Jeffrey, at 1:09 he is not wearing protection gear, not even wearing a jacket, just a T-shirt.
I agree, dogs are having fun when doing protection work, especially sport dogs. But what happens, when you muzzle your dog and there's real fight between the decoy and the dog? I think most dogs realize then that it's for real, not just a game (ie they're not in prey drive all the time). (There's no muzzle work in the video.)
I'm just surprised these dogs change owners that easily. Everyone's heard of dogs whose owners died and they were miserable till their death. This shows that at least some dogs are faithful, a dog that changes owners in 2 days is not (in my interpretation).


----------



## Thomas Ball

Matt Vandart said:


> If you don't need one, don't have one  and hope you never need one, that would be cool.
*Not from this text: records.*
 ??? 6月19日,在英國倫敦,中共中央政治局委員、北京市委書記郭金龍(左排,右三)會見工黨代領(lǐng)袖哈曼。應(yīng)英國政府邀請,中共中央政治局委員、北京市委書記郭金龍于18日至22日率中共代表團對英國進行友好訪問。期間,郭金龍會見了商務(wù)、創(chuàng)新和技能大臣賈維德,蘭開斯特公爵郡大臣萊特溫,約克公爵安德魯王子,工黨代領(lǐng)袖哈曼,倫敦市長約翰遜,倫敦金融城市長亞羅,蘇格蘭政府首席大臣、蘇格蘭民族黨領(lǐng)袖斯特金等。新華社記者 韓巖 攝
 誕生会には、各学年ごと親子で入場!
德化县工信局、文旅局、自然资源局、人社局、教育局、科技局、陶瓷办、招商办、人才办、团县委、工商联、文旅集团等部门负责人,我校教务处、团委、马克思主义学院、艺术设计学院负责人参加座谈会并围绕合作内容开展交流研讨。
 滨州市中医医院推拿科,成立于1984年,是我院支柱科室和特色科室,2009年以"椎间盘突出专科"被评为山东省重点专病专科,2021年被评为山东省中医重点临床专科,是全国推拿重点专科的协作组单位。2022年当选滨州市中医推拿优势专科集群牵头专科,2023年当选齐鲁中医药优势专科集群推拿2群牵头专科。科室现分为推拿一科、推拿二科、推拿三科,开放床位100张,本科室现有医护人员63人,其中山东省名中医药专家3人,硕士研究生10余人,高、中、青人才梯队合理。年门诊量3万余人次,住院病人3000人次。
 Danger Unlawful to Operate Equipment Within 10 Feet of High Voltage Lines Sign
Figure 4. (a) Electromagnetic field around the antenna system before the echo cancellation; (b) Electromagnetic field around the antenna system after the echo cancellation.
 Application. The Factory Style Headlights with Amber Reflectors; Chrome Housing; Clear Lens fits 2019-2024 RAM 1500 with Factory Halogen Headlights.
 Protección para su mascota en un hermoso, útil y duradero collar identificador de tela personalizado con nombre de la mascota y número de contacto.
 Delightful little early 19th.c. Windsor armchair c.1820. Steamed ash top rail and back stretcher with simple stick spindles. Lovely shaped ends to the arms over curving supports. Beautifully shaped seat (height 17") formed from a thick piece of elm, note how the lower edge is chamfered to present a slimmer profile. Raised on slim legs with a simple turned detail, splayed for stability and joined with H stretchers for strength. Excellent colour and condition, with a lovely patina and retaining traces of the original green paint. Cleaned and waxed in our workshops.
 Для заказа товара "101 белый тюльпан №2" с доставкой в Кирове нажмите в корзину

People don't need lots of things, but have them. Nobody needs a Porsche, many people have one (or more). A working dog is a happy dog, and protection comes naturally to most of the breeds I like, so why not.

I'm in St. Louis, MO at the moment, but going to Europe for work probably.


----------



## Matt Vandart

Not the same as a Porsche at all.


----------



## leslie cassian

Thomas Ball said:


> Jeffrey, at 1:09 he is not wearing protection gear, not even wearing a jacket, just a T-shirt.
> I agree, dogs are having fun when doing protection work, especially sport dogs. But what happens, when you muzzle your dog and there's real fight between the decoy and the dog? I think most dogs realize then that it's for real, not just a game (ie they're not in prey drive all the time). (There's no muzzle work in the video.)
> I'm just surprised these dogs change owners that easily. Everyone's heard of dogs whose owners died and they were miserable till their death. This shows that at least some dogs are faithful, a dog that changes owners in 2 days is not (in my interpretation).


He's not taking any bites, either, just teasing the dog. I can make either of my dogs light up on someone whether they are wearing equipment or not... doesn't make them anything special, just makes them dogs that like to do bitework.

Have you ever even had a dog? Or been around any working dogs?


----------



## Sarah Platts

Not sure that a dog specifically trained for PP is the only road. Not when I pick up the paper and read where this family dog or that one saved "their" family for this danger or that one. Just for curiosity, is anyone here know where their PP saved them from something? I guess I'm wondering how many times, if any, your PP dog had to actually perform that service? Other than just hanging around looking big and serious.


----------



## rick smith

long story but might be relevant for some readers....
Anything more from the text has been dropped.